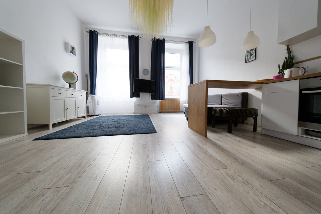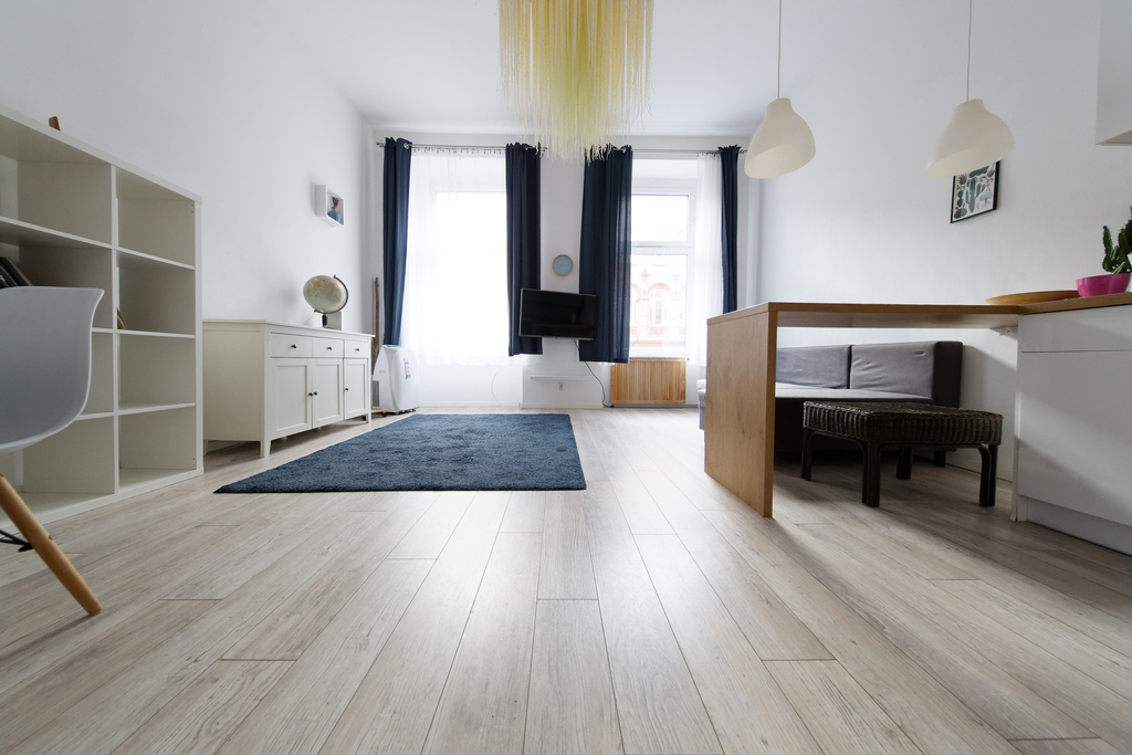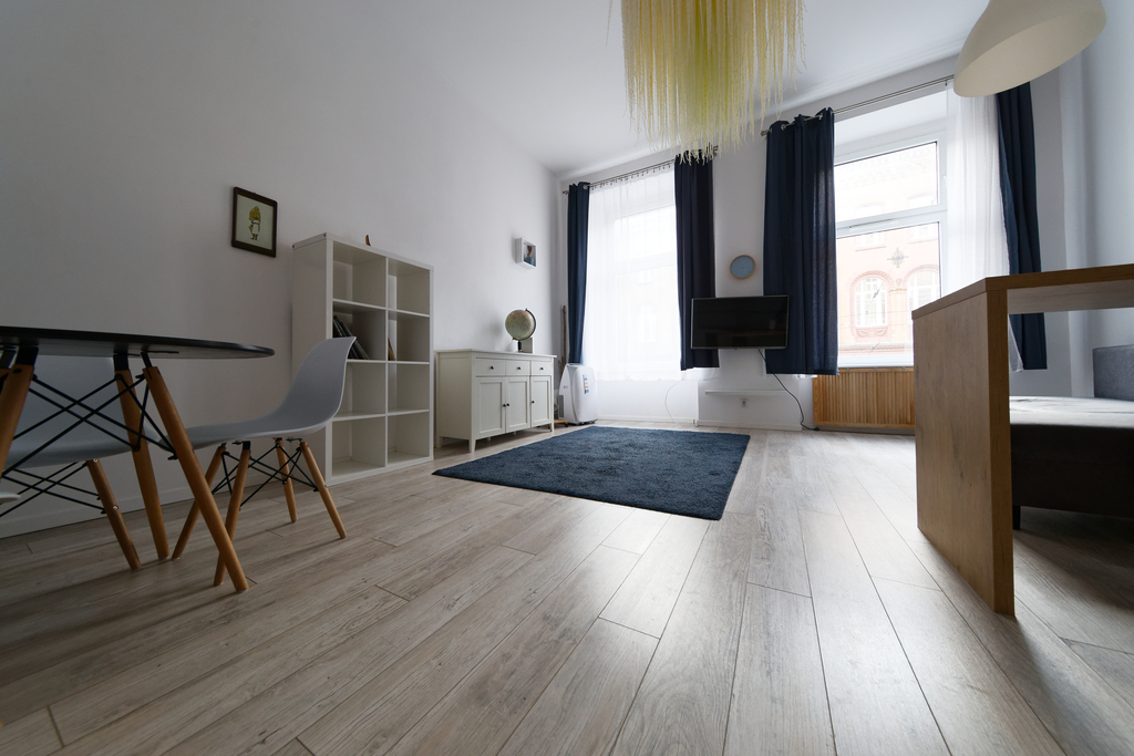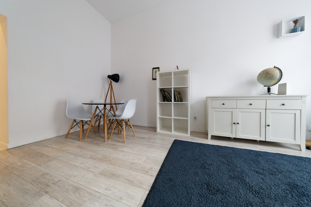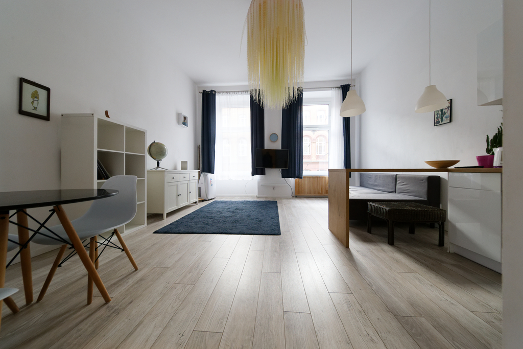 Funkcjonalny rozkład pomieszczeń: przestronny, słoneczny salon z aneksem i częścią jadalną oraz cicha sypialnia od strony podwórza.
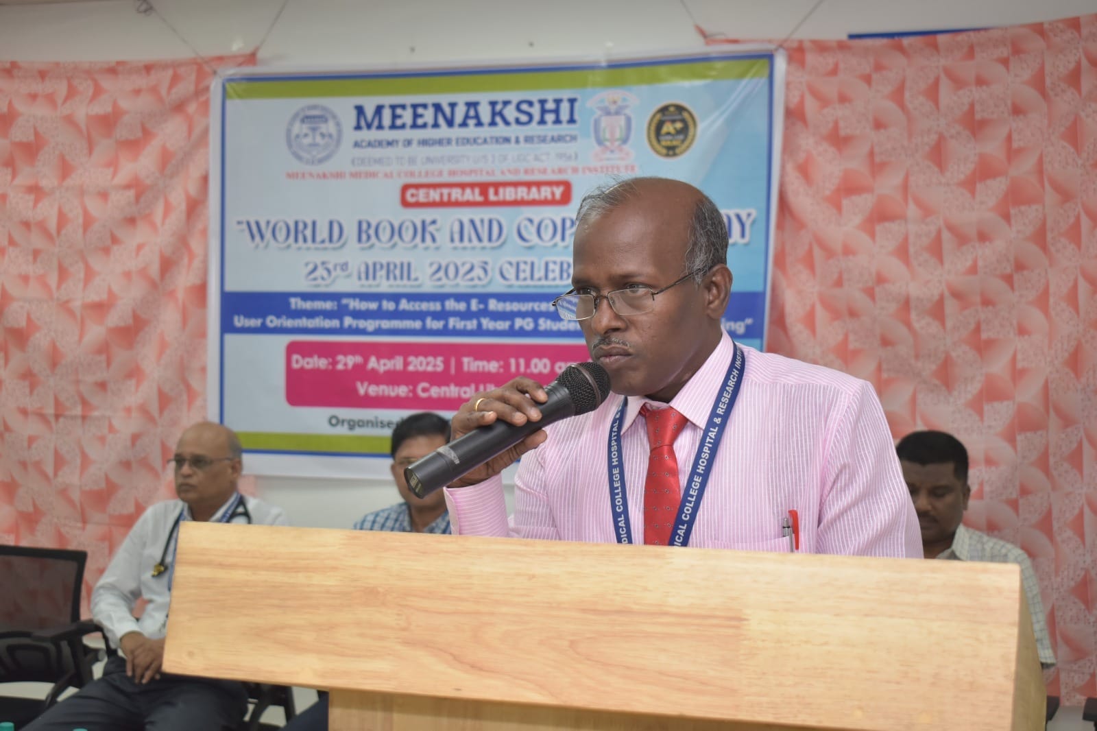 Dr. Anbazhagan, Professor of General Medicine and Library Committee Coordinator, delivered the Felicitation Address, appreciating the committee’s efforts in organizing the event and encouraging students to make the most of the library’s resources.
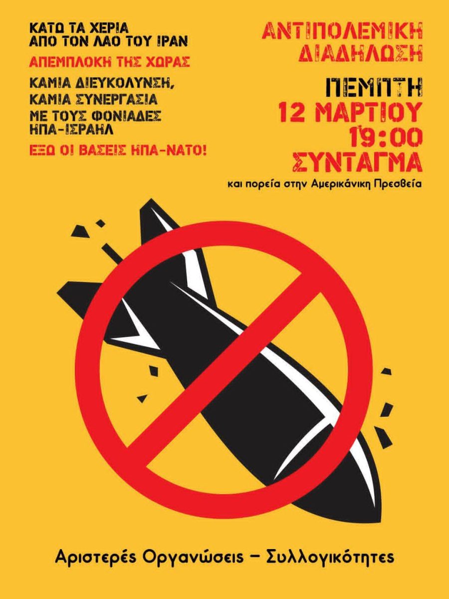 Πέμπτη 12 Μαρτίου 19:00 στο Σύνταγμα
-=-=-=-=-
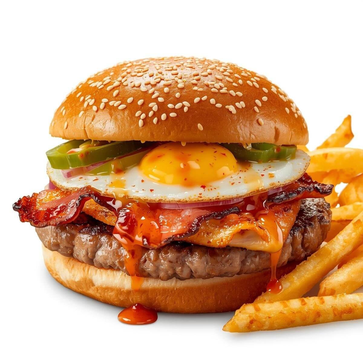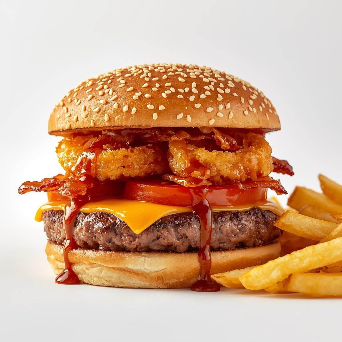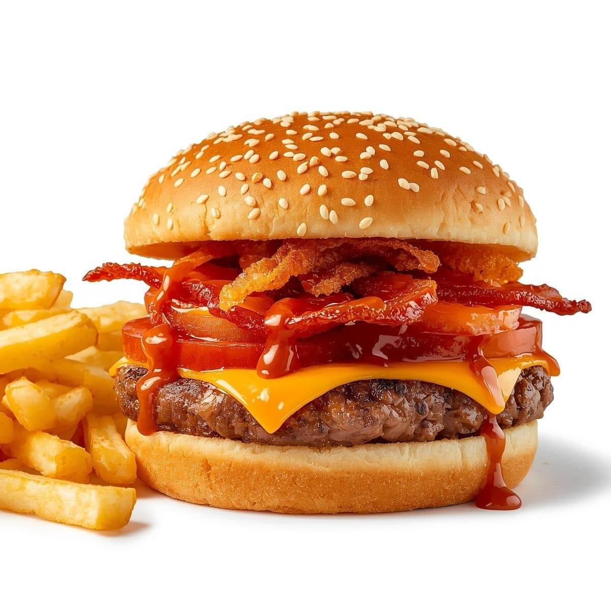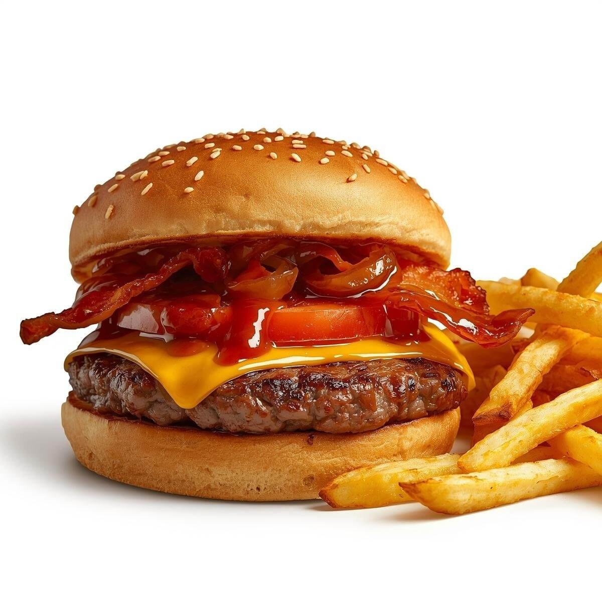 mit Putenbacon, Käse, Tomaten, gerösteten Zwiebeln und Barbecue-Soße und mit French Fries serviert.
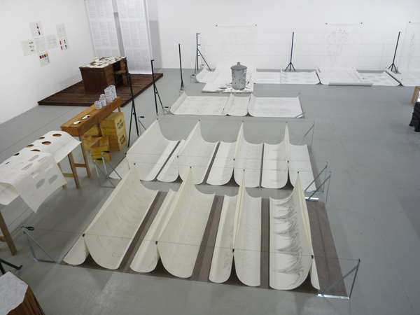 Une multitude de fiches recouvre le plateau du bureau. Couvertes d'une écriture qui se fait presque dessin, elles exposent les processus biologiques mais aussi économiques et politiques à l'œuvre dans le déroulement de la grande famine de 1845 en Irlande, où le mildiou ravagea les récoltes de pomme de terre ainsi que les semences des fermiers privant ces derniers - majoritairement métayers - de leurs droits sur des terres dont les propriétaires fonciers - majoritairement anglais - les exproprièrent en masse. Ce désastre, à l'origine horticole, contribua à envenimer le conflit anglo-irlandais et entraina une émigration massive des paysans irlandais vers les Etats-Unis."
-=-=-=-=-
* **Directions for this task**
What are the lines in the records above, word for word, from the one containing "Dr. Anbazhagan, Professor" through the one containing "Πέμπτη 12 Μαρτίου 19:00 στο Σύνταγμα", both ends included and pictures left out?

* **Answer to this task**
 Dr. Anbazhagan, Professor of General Medicine and Library Committee Coordinator, delivered the Felicitation Address, appreciating the committee’s efforts in organizing the event and encouraging students to make the most of the library’s resources.
 Πέμπτη 12 Μαρτίου 19:00 στο Σύνταγμα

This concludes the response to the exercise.